Insgesamt drei Wochen – noch bis zum 4. Februar – hat die Vesperkirche geöffnet, die dieses Jahr zum elften Mal in der Lutherkirche stattfindet. Täglich kämen im Schnitt 200 bis 300 Gäste zum Essen, erklärt die Diakonin, „am vergangenen Sonntag waren es sogar 420. Die Bedürftigkeit nimmt auf jeden Fall zu. Dabei geht es aber nicht nur um materielle Gründe. Zu uns kommen auch einsame Menschen. Es kommen auch Gäste, die selbst nicht bedürftig sind und dann das Essen für andere mitbezahlen.“

Beim Lesungsabend konnte beim Kauf der Lose oder mit selbst gewählten Spendenbeträgen für den angebotenen Kuchen und Punsch ausgeholfen werden. Am Ende des Abends kamen so über 1800 Euro zusammen.

Die literarische Reise mit Petra-Durst Benning geht im voll besetzten Saal der Lutherkirche an den Stuttgarter Hof im Jahre 1865. Es ist der sechste Dezember, Nikolaustag. Der angesehene Portraitmaler Franz Xaver Winterhalter ist nach Stuttgart gekommen, um Königin Olga Nikolajewna Romanowa, Tochter des russischen Zaren Nikolaus, zu malen.
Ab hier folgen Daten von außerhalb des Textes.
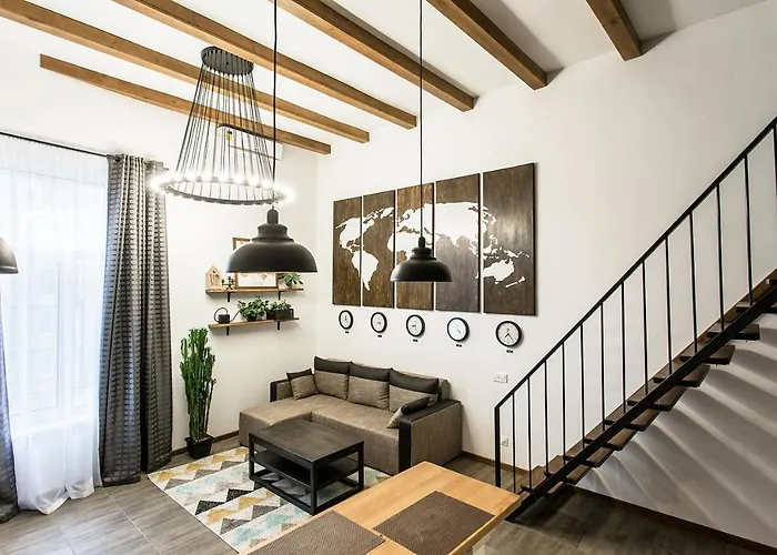 Повністю обладнана кухня укомплектована кавоваркою, а також електрочайником, холодильником і духовкою, необхідними для самостійного приготування їжі. Це помешкання розташоване в межах 8 км від залізничного вокзалу Залізничний вокзал. В околиці можна спробувати різні види активного відпочинку, зокрема боулінг.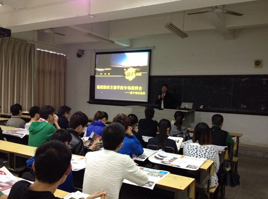 2014年4月23日在福建船政交通職業(yè)學(xué)院經(jīng)管大樓307教室為2014屆畢業(yè)生舉辦一場(chǎng)專場(chǎng)招聘會(huì),由盛豐物流股份有限公司前來(lái)對(duì)交通經(jīng)濟(jì)系2014屆各專業(yè)應(yīng)屆畢業(yè)生進(jìn)行招聘。

Titelgebende Hauptfigur der Kurzgeschichte „Die Silhouettenschneiderin“ aus dem 2014 erschienenen Band „Winterwind“ mit insgesamt sechs Kurzgeschichten ist allerdings die Stuttgarterin Margarete Schwanthaler. Am Nikolaustag, der am Hof mit einer Feier begangen wird, soll sie dort Scherenschnitte der Gäste fertigen. Ein wichtiger Auftrag für die Mutter dreier Kinder, die dringend Geld für ihre Miete aufbringen muss. Besondere Aufmerksamkeit schenkt Margarete bei ihrem Auftrag dem Patenkind der Königin, der elfjährigen Wera Konstantinowa, Tochter des Großfürsten Konstantin Nikolajewitsch von Russland und spätere Herzogin von Württemberg.

„Wera ist bei meinen über 15 historischen Romanen zu meiner Lieblingsfigur geworden“, erzählt Durst-Benning. Daher habe sie sich an diesem Abend für eine Geschichte mit ihr entschieden. Die Zuhörer erfahren an diesem gemütlichen Lesungsabend viele interessante Details zum damaligen Leben am Hof, den Biografien der späteren Herzogin von Württemberg und des aus dem Schwarzwald stammenden berühmten Porträtmalers Franz Xaver Winterhalter oder auch über die Kunst des Scherenschnitts, der für damalige Zeiten, in der es noch keine Fotografie gab, sehr modern war.

Die Nürtinger Vesperkirche in der Lutherkirche, Jakobstraße 17, hat noch bis 4. Februar täglich von 11.30 bis 14.30 Uhr geöffnet. Die Essensausgabe findet von 12 bis 14 Uhr statt.